Signs of possible rupture include sudden severe abdominal pain (especially between contractions), loss of fetal heart tones, abnormal fetal heart rate patterns, vaginal bleeding, and loss of labor progress. Continuous monitoring is what catches abnormal heart rate patterns early — the single most sensitive sign.
Repeat cesarean: the alternative
Elective repeat cesarean is the choice for many people, and it is a reasonable choice. Key points:
- ACOG recommends scheduling at 39 weeks 0 days for elective repeat cesarean unless an earlier delivery is medically indicated.
- Each subsequent cesarean increases risk of placenta accreta in future pregnancies, especially with three or more prior cesareans. This is one reason TOLAC is often discussed even for people who anticipate more children.
- Recovery after planned cesarean is typically 4 to 6 weeks. Recovery after vaginal birth is faster on average, but unplanned cesarean during a TOLAC attempt has the longest combined recovery.
How to think about the decision
A few framing questions worth sitting with:
- What is the indication for my prior cesarean, and is it likely to recur?
- Have I ever delivered vaginally?
- What is my predicted success on the MFMU calculator, and how does my provider counsel that?
- Does the hospital have 24-hour anesthesia and surgical staffing?
- How many more children might we have? More cesareans compound risk.
- How important is the experience of vaginal birth to me?
There is no single right answer. The 2010 NIH consensus statement explicitly framed both TOLAC and elective repeat cesarean as ethically and medically defensible options.
Where this fits in your prenatal timeline
VBAC counseling typically happens at the new-OB visit (8 to 12 weeks), revisited at 28 weeks, and finalized in late third trimester.
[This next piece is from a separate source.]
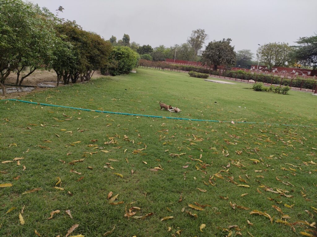 門の横の広場で野良犬の子供たちが戯れてた

You can use the Pregnancy Week Calculator to track milestones, and the Due Date Calculator for accurate dating, which matters because postdates pregnancy lowers TOLAC success.
If this is a twin pregnancy, the picture changes. See twin pregnancy due dates for the dating side; TOLAC for twins is possible in selected cases but requires careful candidate selection.
Questions to bring to the visit
- What was the type of uterine incision in my prior cesarean? Can I see the operative report?
- What is my predicted VBAC success?
- Does this hospital perform TOLAC, and what is the local success rate?
- What is the plan if I go past 40 weeks?
- What induction methods, if any, are used here for VBAC candidates?
The bottom line
VBAC is a reasonable choice for most people with one prior low-transverse cesarean and no other contraindications. Success averages 60 to 80 percent, predicted by prior vaginal birth, spontaneous labor, and the indication for the original cesarean. Uterine rupture risk is real but small (0.5 to 0.9 percent). The MFMU calculator gives a personalized success estimate, and the decision is ultimately a values-laden one made between you, your partner, and your provider.